9. Limit caffeine and alcohol

When you’re feeling anxious, it can be tempting to look for escape in substances. We like to think that caffeine makes us sharper and better able to tackle stressful situations, and many use alcohol to relax. But in excessive amounts, both substances can make anxiety worse. Caffeine can increase heart rate and stimulate the nervous system, leading to increased feelings of anxiety. Alcohol, while initially relaxing, can disrupt sleep and worsen mental health. Instead, opt for herbal teas or other non-caffeinated drinks and try to keep your alcohol intake moderate.

10. Go further with breathing exercises

Want to go beyond deep breaths? There are plenty of breathing exercises out there that can help calm anxiety. Techniques like diaphragmatic breathing, box breathing, and alternate nostril breathing can be used anywhere, helping you tackle your anxiety no matter your situation. Practice these breathing exercises regularly to calm your body and tame that anxiety.

You could also try mindful breathing, which means paying attention to your breath and using it as an anchor to stay present rather than getting swept up in negative thoughts. This exercise works best in a quiet place. Close your eyes and focus on the sensation of your breath entering and leaving your body. If your mind wanders, gently bring your attention back to your breath.
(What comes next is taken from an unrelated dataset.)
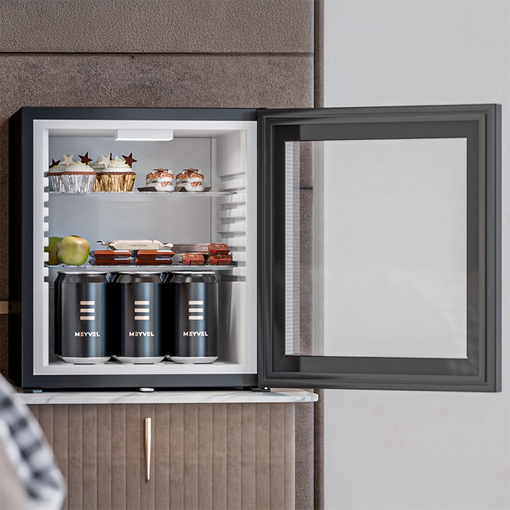 Дверца Meyvel MMT-30BG реверсивная, поэтому устройство адаптируется к конкретным условиям установки, и стеклянная, чтобы видеть содержимое без необходимости открывать мини-бар. Это удобно для гостей отеля или сотрудников офиса. Автоматическая разморозка делает эксплуатацию прибора максимально простой — не нужно вручную удалять наледь, устройство само поддерживает оптимальный режим работы.
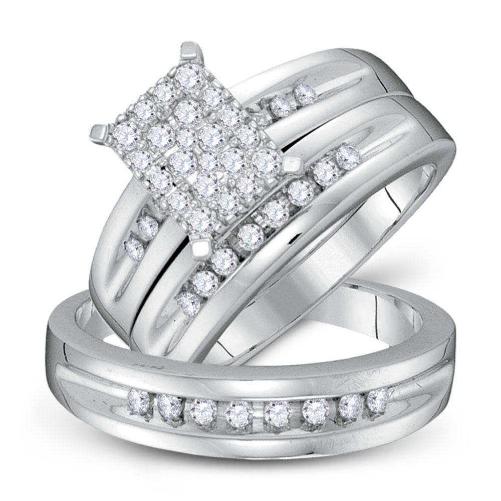 10kt White Gold His Hers Round Diamond Cluster Matching Wedding Set 5/8 CttwItem Number: GND-109852Gemstone Details<span

11. Connect with friends and loved ones

Feeling anxious can be an isolating experience. Sharing how you feel with the people around you is an important step towards feeling better. Try talking to a family member or friend about your feelings of anxiety. You might find that you feel reassured and better understood. They could even share helpful perspectives or advice on how to manage your anxiety.
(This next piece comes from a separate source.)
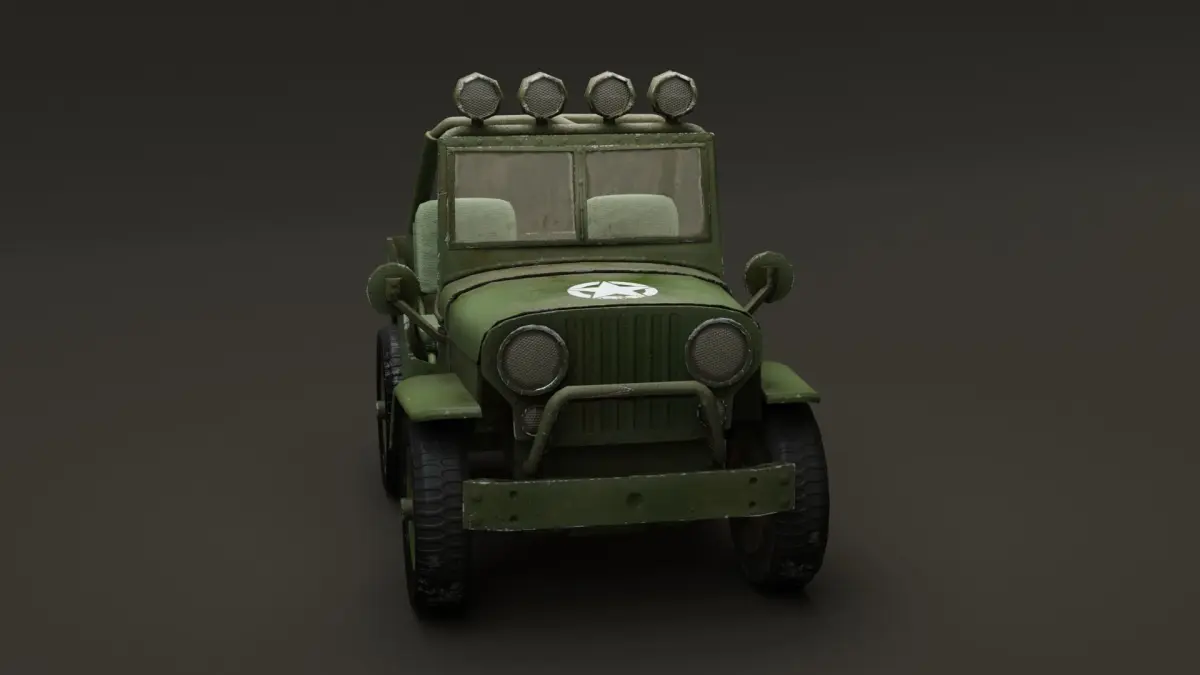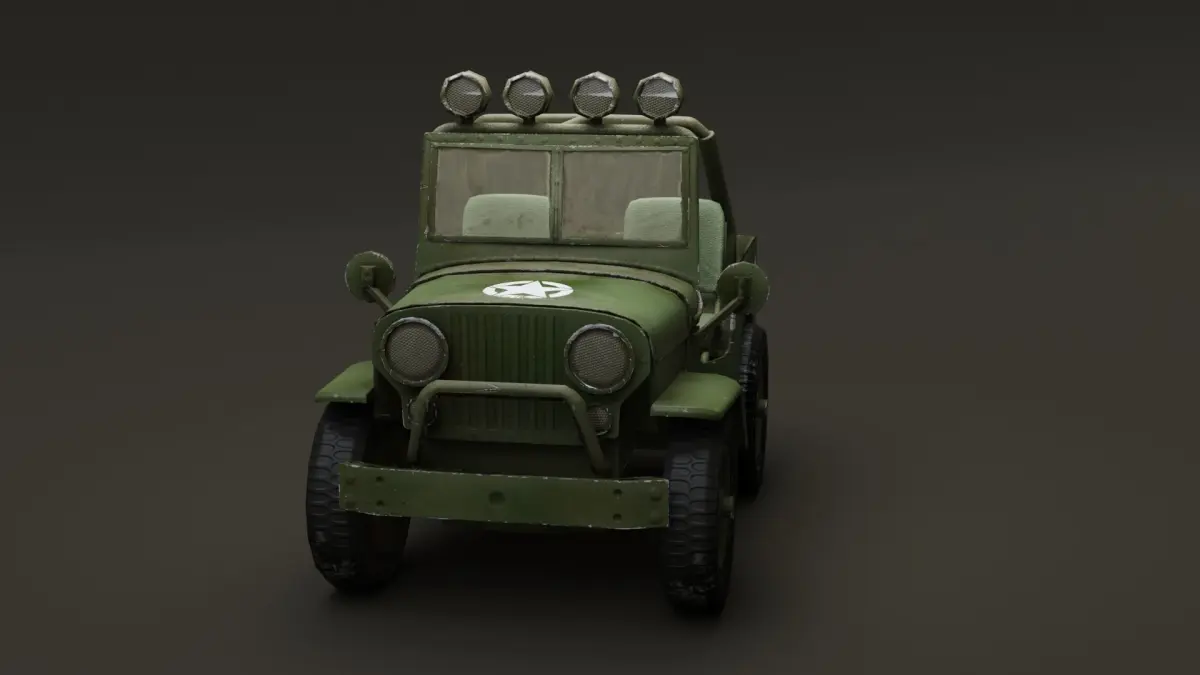 Cartoon jeep Low PolyBriefing: green vintage military texture detailed low poly Jeep, cartoonish style. Technical Information:

More broadly, a healthy social life is a great guard against anxiety. When you’re feeling anxious you might just want to hide in bed, but make sure to connect with friends and loved ones regularly. In-person meetings are best for relieving symptoms, but phone and video calls can also help. When you feel surrounded by supportive people, you’ll feel better equipped to manage your anxiety.

12. Get support from a mental health professional

If you often experience anxiety and the tips above don’t bring relief, it might be time to seek out a mental health professional. An anxiety disorder is a medical condition, and there are a range of effective therapies and treatments that can help you get on top of it.
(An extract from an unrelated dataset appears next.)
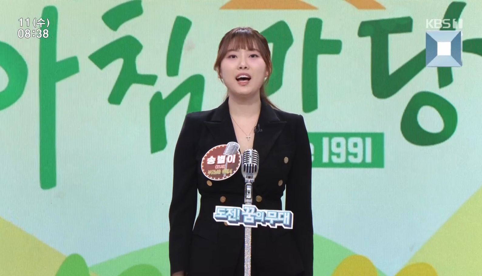 아침마당 2월 11일 수요일 도전 꿈의 무대 우승자는 송별이가 1승을 차지했습니다.

Many people who suffer from anxiety disorders get relief with Cognitive Behavioral Therapy (CBT). This popular approach helps you to identify and change negative thought patterns through structured sessions with a therapist. Cognitive Behavioral Therapy can give you new tools for coping with anxiety. For example, cognitive reframing is a Cognitive Behavioral Therapy technique which trains you to view a situation from a balanced perspective rather than focusing on negative or catastrophic thoughts. This helps to tame anxiety.

Other anxiety sufferers try talking therapies like counseling or psychotherapy. Talking therapies give you a chance to explore your feelings and experiences in a supportive environment. During the sessions, a mental health professional can help you understand the root causes of your feelings and develop strategies to reduce anxiety. If you feel anxious because of unresolved issues or traumatic experiences, talking therapies might be particularly helpful for you.

Conclusion

Many of us accept anxiety as a fact of modern life, but it doesn’t have to be this way. With some handy tricks and the right support, it’s possible to feel calmer and happier. Techniques like deep breathing, mindfulness, physical activity, and guided imagery can bring you immediate relief. For a longer-term solution, try getting help from a mental health professional in the form of talking therapies or cognitive behavioral therapy. Tools like Endel can also manage your anxiety. By following just a few tips in this article, you should be able to bring your anxiety under control.